INPUT DATA:
++++++++++
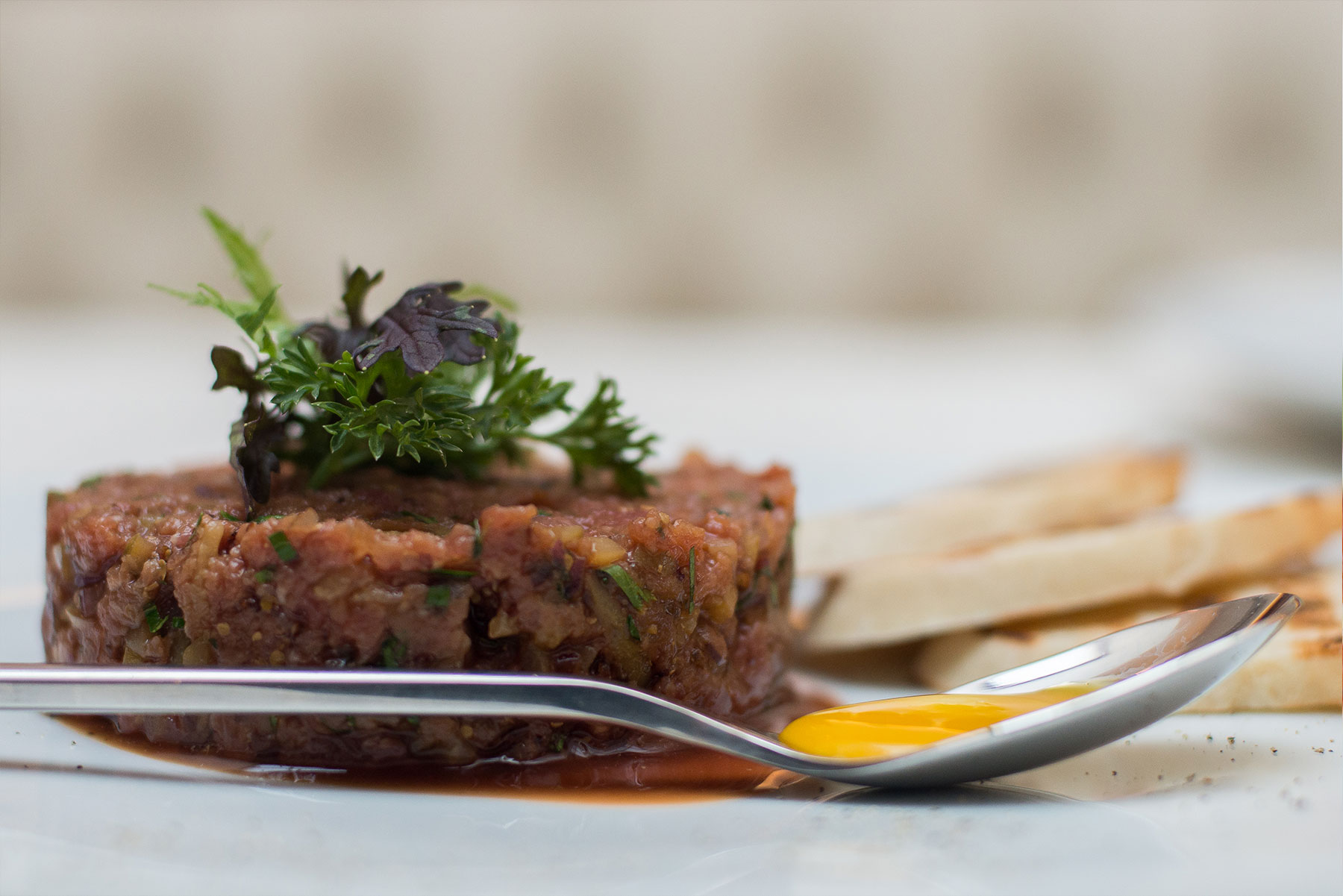 El resultado son platos golosos y elegantes, de sabores profundos y, algunos, perfectos para dormir una siesta después de comerlos. Así puede comprobarlo con la Tarta de médula con cebolla caramelizada y espinacas ($6.000), de sabor intenso, cremoso y de rico dulzor, que se potencia aún más por el demiglace que la acompaña; en el famoso Huevo trufado ($6.500), uno de los platos insignes y más instagrameados de este local, que incluye una densa tostada de pan de campo con pasta de hongos, trocitos de tocino, aceite de trufa y un huevo de campo perfectamente pochado; o una cremosa Sopa de cebolla ($6.500) de exquisito dulzor, elaborada en base a un caldo de hongos y buenas dosis de pimienta.
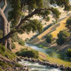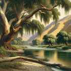 Prompt: A few miles south of Soledad, the Salinas River drops in close to the hillside bank and runs deep and green . . . On one side of the river the golden foothill slopes curve up to the strong and rocky Gabilan mountains, but on the valley side the water is lined with trees—willows fresh and green with every spring . . . and sycamores with mottled, white, recumbent limbs and branches that arch over the pool . . . . There is a path through the willows and among the sycamores, a path beaten hard by boys coming down from the ranches to swim in the deep pool, and beaten hard by tramps who come wearily down from the highway in the evening to jungle-up near water. In front of the low horizontal limb of a giant sycamore there is an ash pile made by many fires; the limb is worn smooth by men who have sat on it.
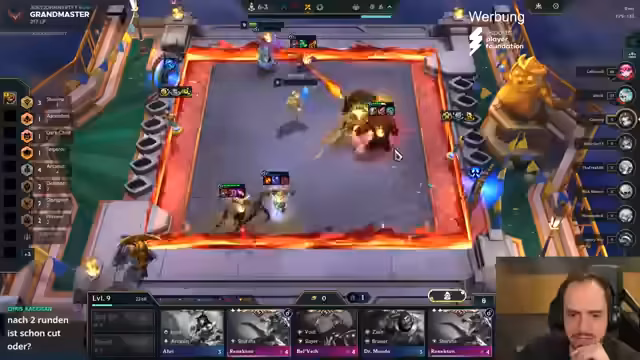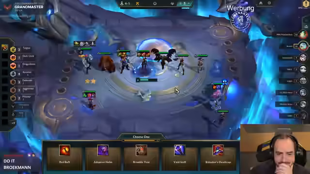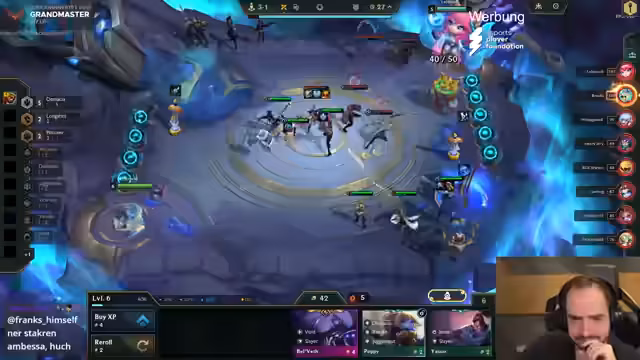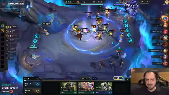 02:02:41Der Start der neuen Runde ist geprägt von verschiedenen 3-Cost-Einheiten und unterschiedlichen Augment-Wahlen wie Gold Destiny oder Pyromaniac. Ein Spieler entscheidet sich für einen aggressiven Kraken-Red-Buff-Start, hat jedoch Schwierigkeiten, eine stabile Frontline zu finden. Die Vorbereitung wird gelobt, da bereits in den Creep-Runden gezielt Items verteilt wurden. Andere Teilnehmer nutzen Augments wie Cluttered Mind für zusätzliche Erfahrungspunkte, während die Herausforderungen beim Spectating im Streamer-Modus kurz thematisiert werden.
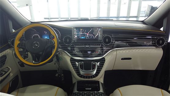 奔驰V260在内部装潢上也进行升级,车体提供意大利进口真皮(小牛皮)、Alcantara以及木材和碳纤维多种材质可供选择。而MPV车型看中的合金踏板、合金门把手以及内装台板等这款车都有所配备。科技配置还有AppleTV、两个15.6英寸显示屏、蓝光播放器以及DVB-T信号接收系统等。
++++++++++
WORK TASK: Starting at the line that holds "Prompt: A few", copy each line exactly through the end of the listing, both ends included. Leave the pictures out.

EXERCISE OUTPUT:
 Prompt: A few miles south of Soledad, the Salinas River drops in close to the hillside bank and runs deep and green . . . On one side of the river the golden foothill slopes curve up to the strong and rocky Gabilan mountains, but on the valley side the water is lined with trees—willows fresh and green with every spring . . . and sycamores with mottled, white, recumbent limbs and branches that arch over the pool . . . . There is a path through the willows and among the sycamores, a path beaten hard by boys coming down from the ranches to swim in the deep pool, and beaten hard by tramps who come wearily down from the highway in the evening to jungle-up near water. In front of the low horizontal limb of a giant sycamore there is an ash pile made by many fires; the limb is worn smooth by men who have sat on it.
 02:02:41Der Start der neuen Runde ist geprägt von verschiedenen 3-Cost-Einheiten und unterschiedlichen Augment-Wahlen wie Gold Destiny oder Pyromaniac. Ein Spieler entscheidet sich für einen aggressiven Kraken-Red-Buff-Start, hat jedoch Schwierigkeiten, eine stabile Frontline zu finden. Die Vorbereitung wird gelobt, da bereits in den Creep-Runden gezielt Items verteilt wurden. Andere Teilnehmer nutzen Augments wie Cluttered Mind für zusätzliche Erfahrungspunkte, während die Herausforderungen beim Spectating im Streamer-Modus kurz thematisiert werden.
 奔驰V260在内部装潢上也进行升级,车体提供意大利进口真皮(小牛皮)、Alcantara以及木材和碳纤维多种材质可供选择。而MPV车型看中的合金踏板、合金门把手以及内装台板等这款车都有所配备。科技配置还有AppleTV、两个15.6英寸显示屏、蓝光播放器以及DVB-T信号接收系统等。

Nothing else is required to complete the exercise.